- Records shown -
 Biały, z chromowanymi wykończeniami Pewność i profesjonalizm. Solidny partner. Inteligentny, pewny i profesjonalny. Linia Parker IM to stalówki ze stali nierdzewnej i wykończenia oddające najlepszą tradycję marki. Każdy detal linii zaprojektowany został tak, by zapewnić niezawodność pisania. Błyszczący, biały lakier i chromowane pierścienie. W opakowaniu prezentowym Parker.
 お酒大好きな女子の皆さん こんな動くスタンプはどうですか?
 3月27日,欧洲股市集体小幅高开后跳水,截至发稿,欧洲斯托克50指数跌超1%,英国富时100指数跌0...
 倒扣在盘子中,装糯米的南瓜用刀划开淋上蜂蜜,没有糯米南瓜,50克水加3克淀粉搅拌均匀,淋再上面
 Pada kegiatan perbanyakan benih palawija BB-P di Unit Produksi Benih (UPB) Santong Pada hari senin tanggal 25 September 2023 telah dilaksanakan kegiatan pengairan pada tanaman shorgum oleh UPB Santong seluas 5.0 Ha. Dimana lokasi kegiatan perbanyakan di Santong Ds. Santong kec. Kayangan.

---

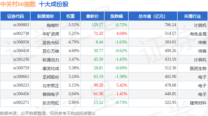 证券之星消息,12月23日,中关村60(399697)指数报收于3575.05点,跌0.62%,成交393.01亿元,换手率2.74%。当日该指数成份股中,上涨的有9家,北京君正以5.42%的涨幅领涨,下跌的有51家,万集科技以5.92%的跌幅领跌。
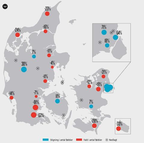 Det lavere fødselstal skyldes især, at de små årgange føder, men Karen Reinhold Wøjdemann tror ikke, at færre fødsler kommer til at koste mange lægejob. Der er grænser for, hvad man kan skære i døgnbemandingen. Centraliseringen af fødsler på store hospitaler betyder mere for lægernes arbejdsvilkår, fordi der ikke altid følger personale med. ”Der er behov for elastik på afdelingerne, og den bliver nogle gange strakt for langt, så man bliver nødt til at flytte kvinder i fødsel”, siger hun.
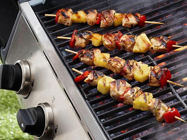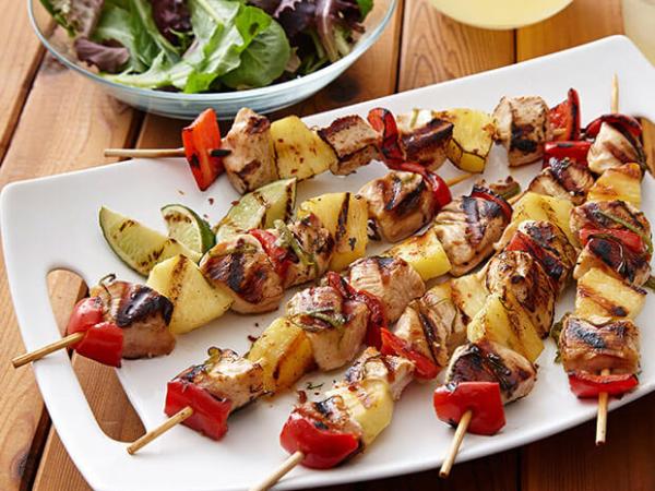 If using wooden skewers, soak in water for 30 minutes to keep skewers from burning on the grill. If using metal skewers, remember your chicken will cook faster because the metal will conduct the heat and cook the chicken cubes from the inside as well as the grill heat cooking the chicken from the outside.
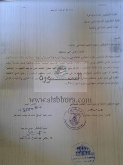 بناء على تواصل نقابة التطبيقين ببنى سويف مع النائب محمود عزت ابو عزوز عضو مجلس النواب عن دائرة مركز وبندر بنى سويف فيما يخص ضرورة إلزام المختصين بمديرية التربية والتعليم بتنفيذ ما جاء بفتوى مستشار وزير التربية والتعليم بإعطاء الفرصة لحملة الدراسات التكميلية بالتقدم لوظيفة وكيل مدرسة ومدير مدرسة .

- Exercise aim -
Copy back exactly the lines above from the one containing "Det lavere fødselstal" through the one containing "If using wooden", and leave every picture behind.

- Solved problem -
 Det lavere fødselstal skyldes især, at de små årgange føder, men Karen Reinhold Wøjdemann tror ikke, at færre fødsler kommer til at koste mange lægejob. Der er grænser for, hvad man kan skære i døgnbemandingen. Centraliseringen af fødsler på store hospitaler betyder mere for lægernes arbejdsvilkår, fordi der ikke altid følger personale med. ”Der er behov for elastik på afdelingerne, og den bliver nogle gange strakt for langt, så man bliver nødt til at flytte kvinder i fødsel”, siger hun.
 If using wooden skewers, soak in water for 30 minutes to keep skewers from burning on the grill. If using metal skewers, remember your chicken will cook faster because the metal will conduct the heat and cook the chicken cubes from the inside as well as the grill heat cooking the chicken from the outside.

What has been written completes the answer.